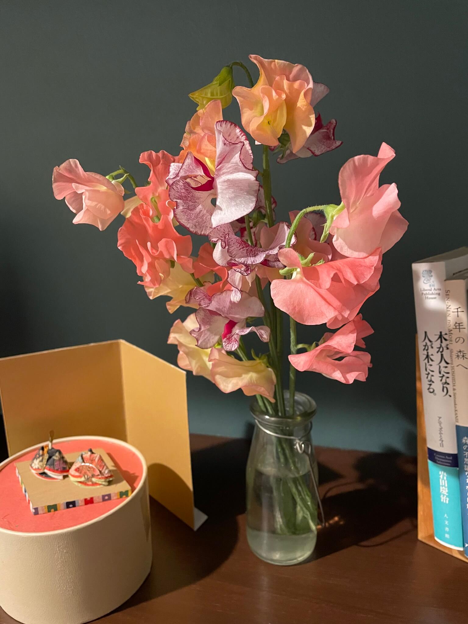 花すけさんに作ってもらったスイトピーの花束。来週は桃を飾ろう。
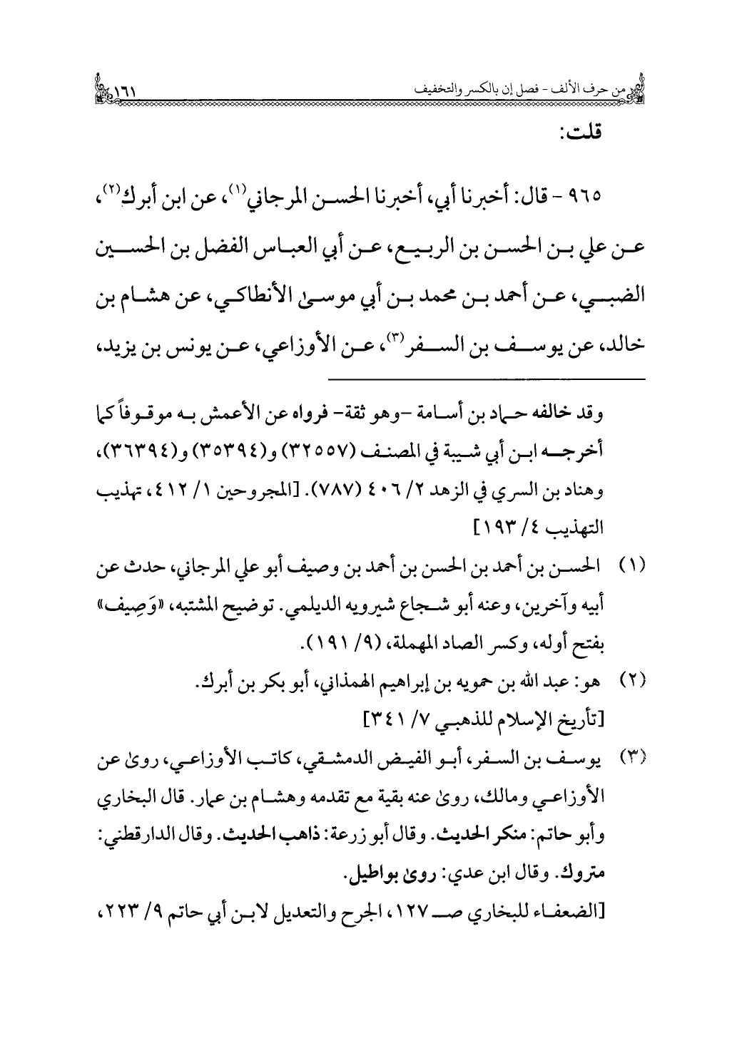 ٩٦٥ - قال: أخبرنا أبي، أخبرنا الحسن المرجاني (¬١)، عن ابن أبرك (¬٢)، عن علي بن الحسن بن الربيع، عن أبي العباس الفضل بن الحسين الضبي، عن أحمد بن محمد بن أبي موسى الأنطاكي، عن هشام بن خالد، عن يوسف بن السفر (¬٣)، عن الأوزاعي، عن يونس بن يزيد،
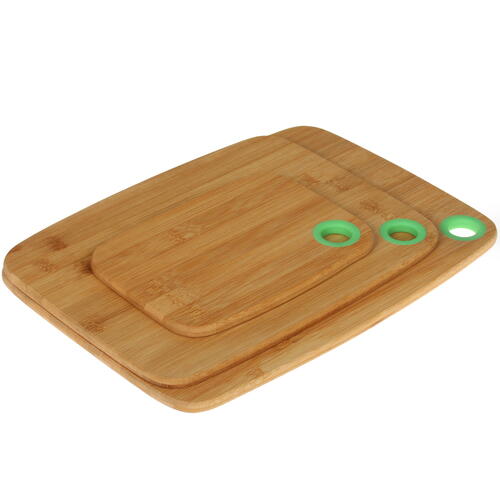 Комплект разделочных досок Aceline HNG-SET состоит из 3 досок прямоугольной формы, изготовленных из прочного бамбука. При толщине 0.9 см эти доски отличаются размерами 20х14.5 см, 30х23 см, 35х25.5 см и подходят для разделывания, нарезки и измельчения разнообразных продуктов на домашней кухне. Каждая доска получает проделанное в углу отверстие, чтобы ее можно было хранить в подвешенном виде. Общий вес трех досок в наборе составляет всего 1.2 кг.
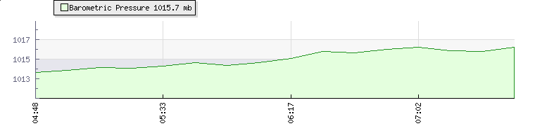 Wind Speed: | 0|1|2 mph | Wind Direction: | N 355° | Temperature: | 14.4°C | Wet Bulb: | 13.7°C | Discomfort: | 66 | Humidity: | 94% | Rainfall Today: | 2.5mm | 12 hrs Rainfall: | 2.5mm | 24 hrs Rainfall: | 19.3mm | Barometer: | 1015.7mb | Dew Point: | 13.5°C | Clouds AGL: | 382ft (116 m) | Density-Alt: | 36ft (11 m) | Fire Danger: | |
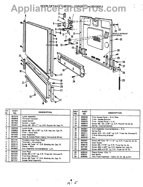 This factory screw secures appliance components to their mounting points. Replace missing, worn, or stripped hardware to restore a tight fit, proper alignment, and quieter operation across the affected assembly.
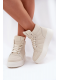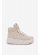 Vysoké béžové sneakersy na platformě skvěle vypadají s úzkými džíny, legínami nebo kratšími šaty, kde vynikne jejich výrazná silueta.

• • • •

◆ Exercise
Both boundary lines included, write out word for word only the lines above from the one containing "Wind Speed: |" to the one containing "This factory screw", leaving out any pictures.

◆ Task answer
 Wind Speed: | 0|1|2 mph | Wind Direction: | N 355° | Temperature: | 14.4°C | Wet Bulb: | 13.7°C | Discomfort: | 66 | Humidity: | 94% | Rainfall Today: | 2.5mm | 12 hrs Rainfall: | 2.5mm | 24 hrs Rainfall: | 19.3mm | Barometer: | 1015.7mb | Dew Point: | 13.5°C | Clouds AGL: | 382ft (116 m) | Density-Alt: | 36ft (11 m) | Fire Danger: | |
 This factory screw secures appliance components to their mounting points. Replace missing, worn, or stripped hardware to restore a tight fit, proper alignment, and quieter operation across the affected assembly.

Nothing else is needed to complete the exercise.